(Entries taken from a collection)
__________
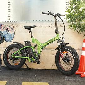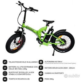 E-Mootika mini fat e-bike è perfetta per terreni offroad e percorsi sterrati. Grazie alle ruote larghe è in grado di sfrecciare anche sulla sabbia. Grazie al sistema a 5 livelli di pedalata assistita e al cambio 6 rapporti, ogni viaggio sarà comodo e senza fatica. Il telaio in alluminio pieghevole permette di riporre la bicicletta in poco spazio, per portarla anche in auto o in treno. La batteria da 36 V garantisce un'autonomia di 1,5-3 ore e si ricarica in 4-6 ore. Freni a disco e motore brushless completano le dotazioni che consentono alla mini fat bike di raggiungere i 25 km/h con la massima sicurezza. Dimensione ruote 20 pollici. Misure bici da piegata: larghezza 51 cm, lunghezza 103 cm, altezza 75 cm.
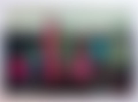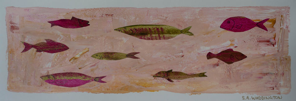 Left over Acrylic paints layered on paper allowed me to pick out animal shapes until I had found them all. Oil pastel details on top.
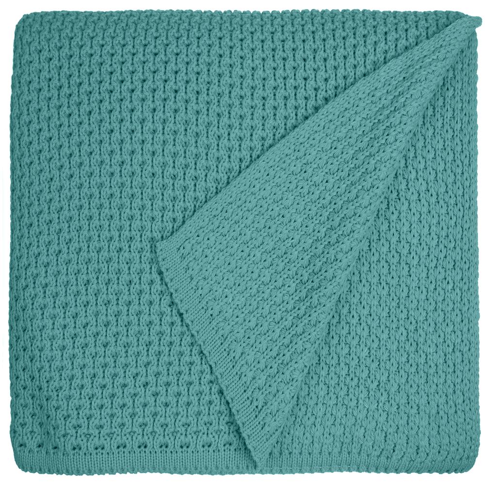 Плед с вывязанным логотипом и рельефным узором в фирменном цвете компании.
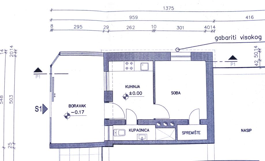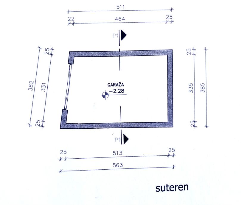 U suterenu, s pristupom iz donje ulice, nalazi se garažni prostor od 21 m².
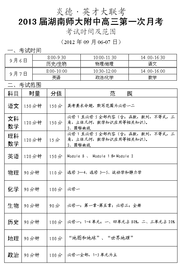 下一篇:炎德英才大聯考湖南師大附中2013屆高三月考試卷考試時間和范圍(第2-10次)
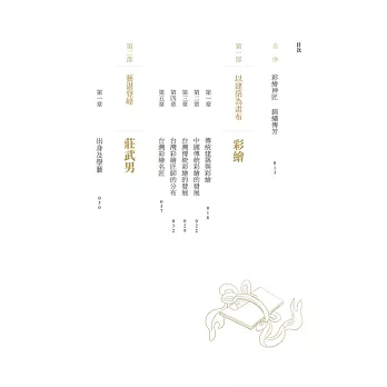 本書從彩繪大師莊武男的出身、學藝及傳承一路娓娓道來,並觸及台灣傳統彩繪的發展、南北匠師的分布,也细述了大師從文物修復到收藏、保護的歷程與故事。
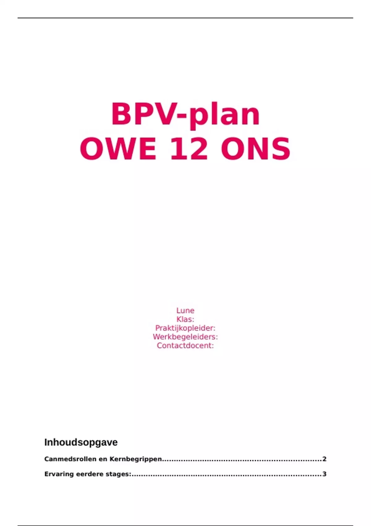 Volledig BPV-plan gebaseerd op een ziekenhuis stage. Alle Canmedsrollen kernbegrippen worden beschreven met een SMART leerdoel en een plan van aanpak. De CRM opdracht gaat over Extravasatie van een infuusvloeistof waar ik de bijbehorende powerpoint in heb toegevoegd die ik heb gebruikt bij de kennisclip. Succes met deze periode!
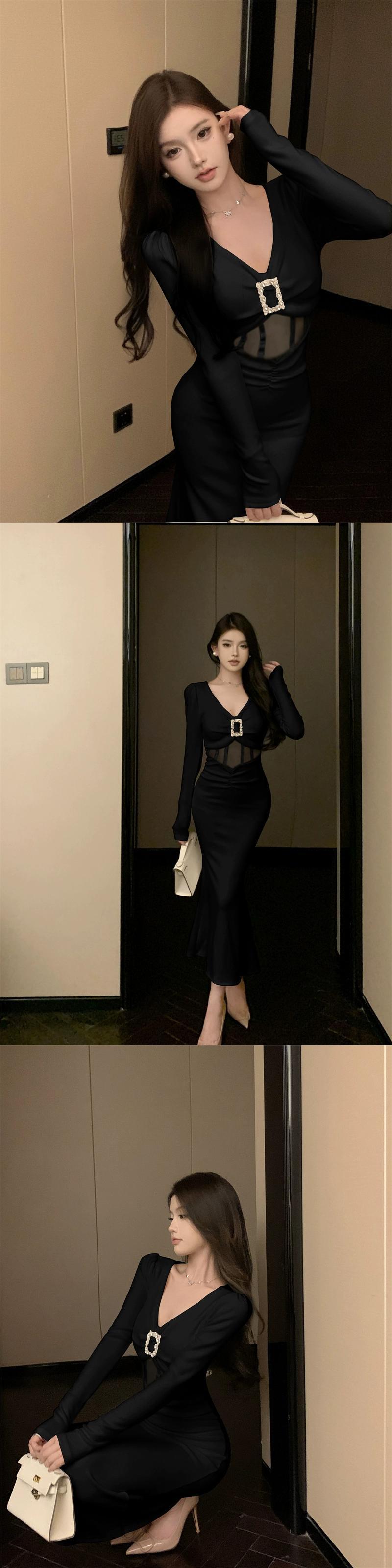 秋冬の白い長袖ドレスの女性、純粋な欲望、セクシーなフィッシュテールスカート、軽くて成熟した女性のスタイル、高級ヒップカバーロングスカート ホワイト オータム 秋物 ウィンター 冬物 ピュア 8571695076110289
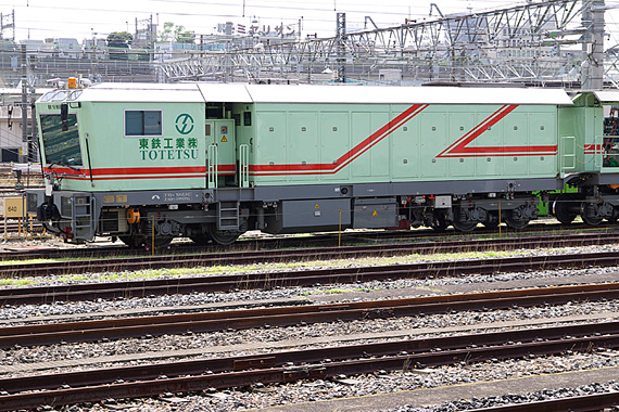 東鉄工業が所有するレール削正車 RR16-M6B です。3両編成の1号車(?)です。
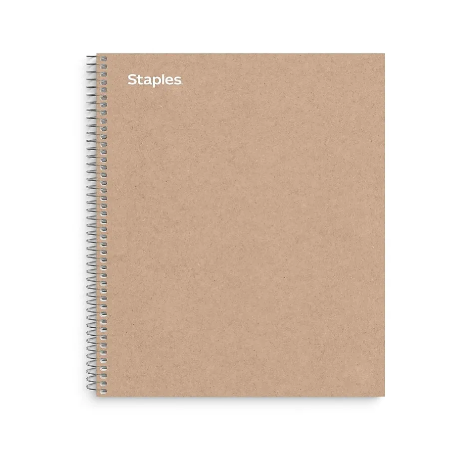 Archive important notes and reports with this 150-sheet notebook. Three pocket dividers store loose papers, while the perforated college-ruled pages allow for easy removal and optimum use of space. This Staples Premium 8.5 x 11-inch brown 3-subject notebook features a solid kraft board cover to resist damage, and the spiral spine lays flat for easy opening and writing.
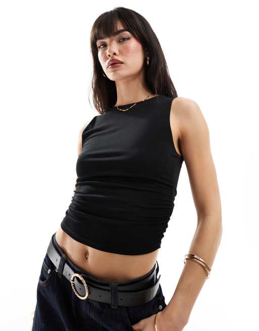 Stradivarius – Svart linne med båtringning och ryschade sidor
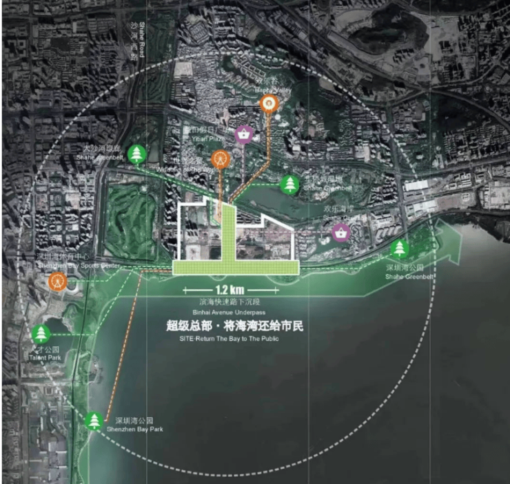 该区域连接周边街区的文化设施,将超级总部及周边的文化创意功能引入公园,为深圳和全球的创意群体服务。
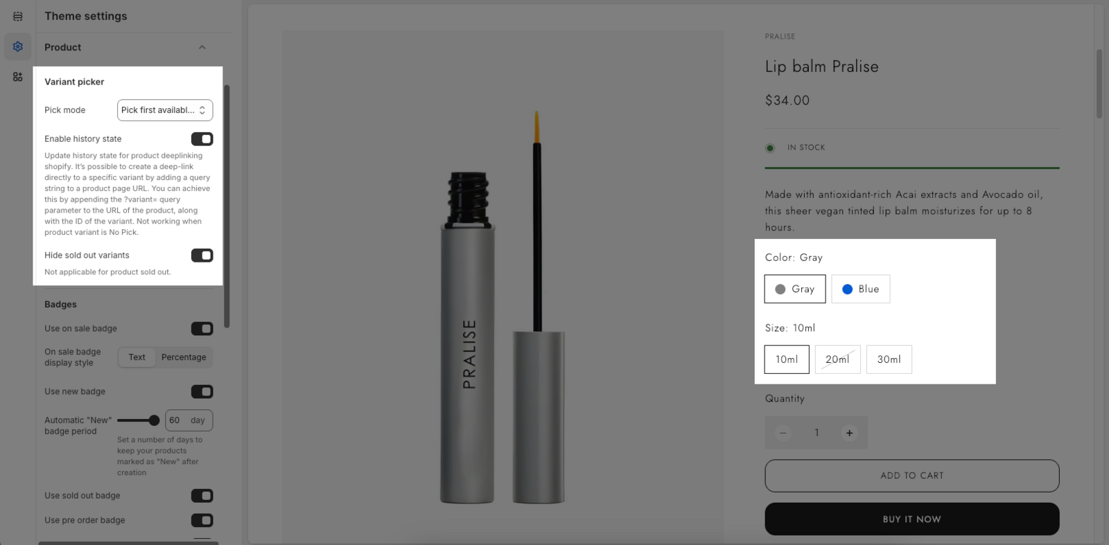 Pick Mode: Select the method of selecting the displayed product variants, can be no pick, pick first variant or pick first available variant
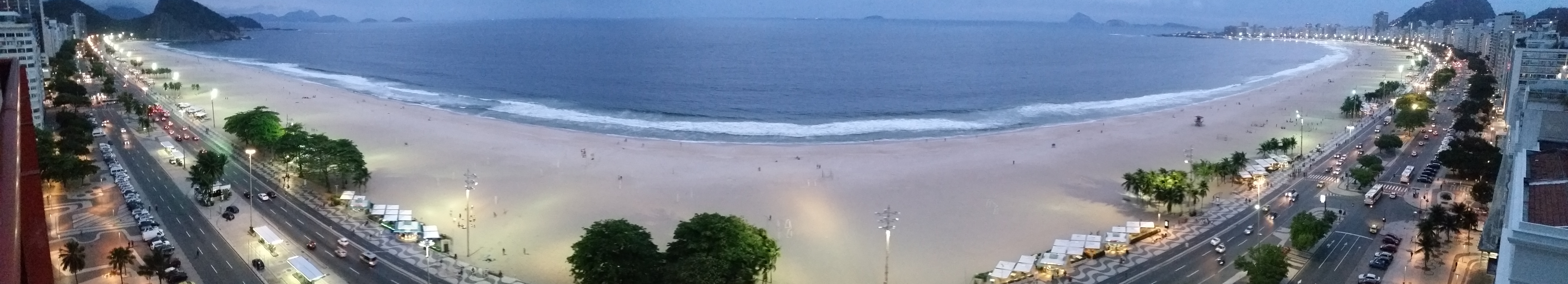 Copacabana beach, located at the Atlantic shore, stretches from Posto Dois (lifeguard watchtower Two) to Posto Seis (lifeguard watchtower Six). Hotels, restaurants, bars, nightclubs and residential buildings dot the promenade facing Avenida Atlântica. Rio de Janeiro, 4 October 2018.
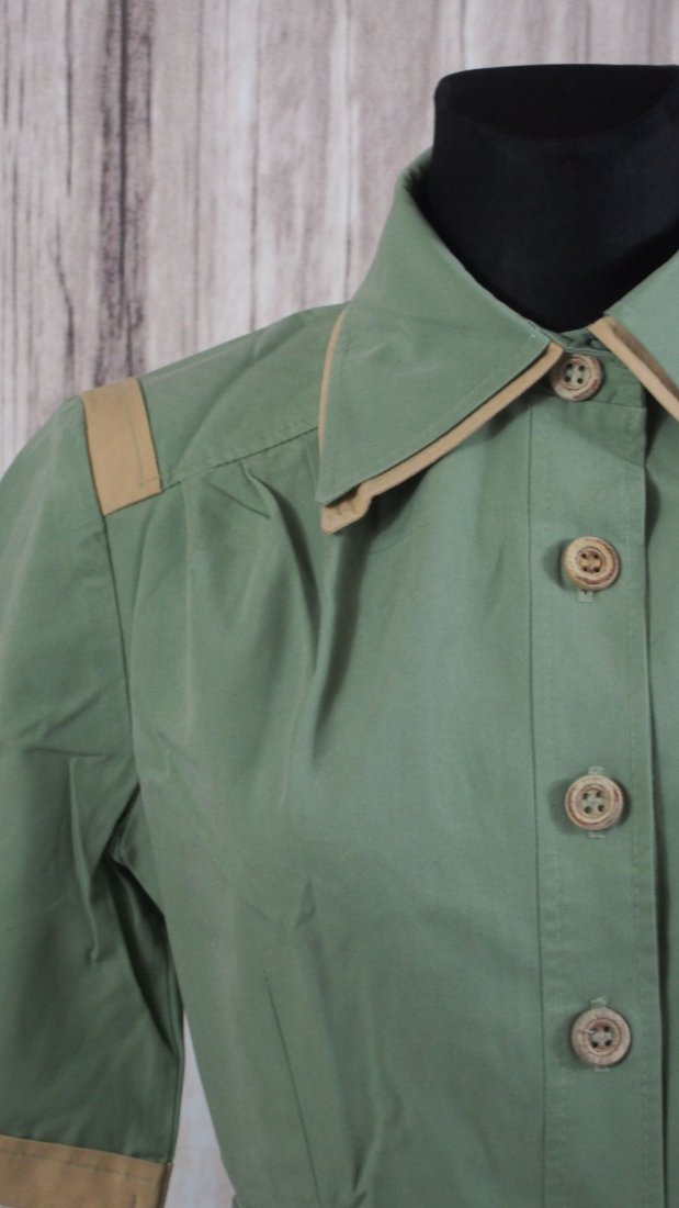 Szmizjerka marki Dana Szczecin. Nowa. Brak informacji o materiale - ale to jest bawełna. Guziczki drewniane. Smakowity kąsek dla wielbicielek lat 50-tych.
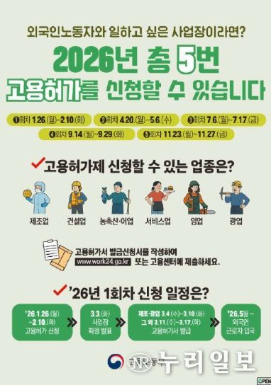 (누리일보) 고용노동부는 구인난을 겪는 기업이 이주노동자(E-9)를 고용할 수 있도록 ‘26년도에도 5차례 신규 고용허가 신청․접수를 진행할 예정이라고 밝혔다.
__________
**Exercise goal:**
Copy only this from above: the line containing "Плед с вывязанным", the line containing "東鉄工業が所有するレール削正車 RR16-M6B です。3両編成の1号車(?)です。", and all lines between, printed exactly. Leave out the pictures.

**Solution below:**
 Плед с вывязанным логотипом и рельефным узором в фирменном цвете компании.
 U suterenu, s pristupom iz donje ulice, nalazi se garažni prostor od 21 m².
 下一篇:炎德英才大聯考湖南師大附中2013屆高三月考試卷考試時間和范圍(第2-10次)
 本書從彩繪大師莊武男的出身、學藝及傳承一路娓娓道來,並觸及台灣傳統彩繪的發展、南北匠師的分布,也细述了大師從文物修復到收藏、保護的歷程與故事。
 Volledig BPV-plan gebaseerd op een ziekenhuis stage. Alle Canmedsrollen kernbegrippen worden beschreven met een SMART leerdoel en een plan van aanpak. De CRM opdracht gaat over Extravasatie van een infuusvloeistof waar ik de bijbehorende powerpoint in heb toegevoegd die ik heb gebruikt bij de kennisclip. Succes met deze periode!
 秋冬の白い長袖ドレスの女性、純粋な欲望、セクシーなフィッシュテールスカート、軽くて成熟した女性のスタイル、高級ヒップカバーロングスカート ホワイト オータム 秋物 ウィンター 冬物 ピュア 8571695076110289
 東鉄工業が所有するレール削正車 RR16-M6B です。3両編成の1号車(?)です。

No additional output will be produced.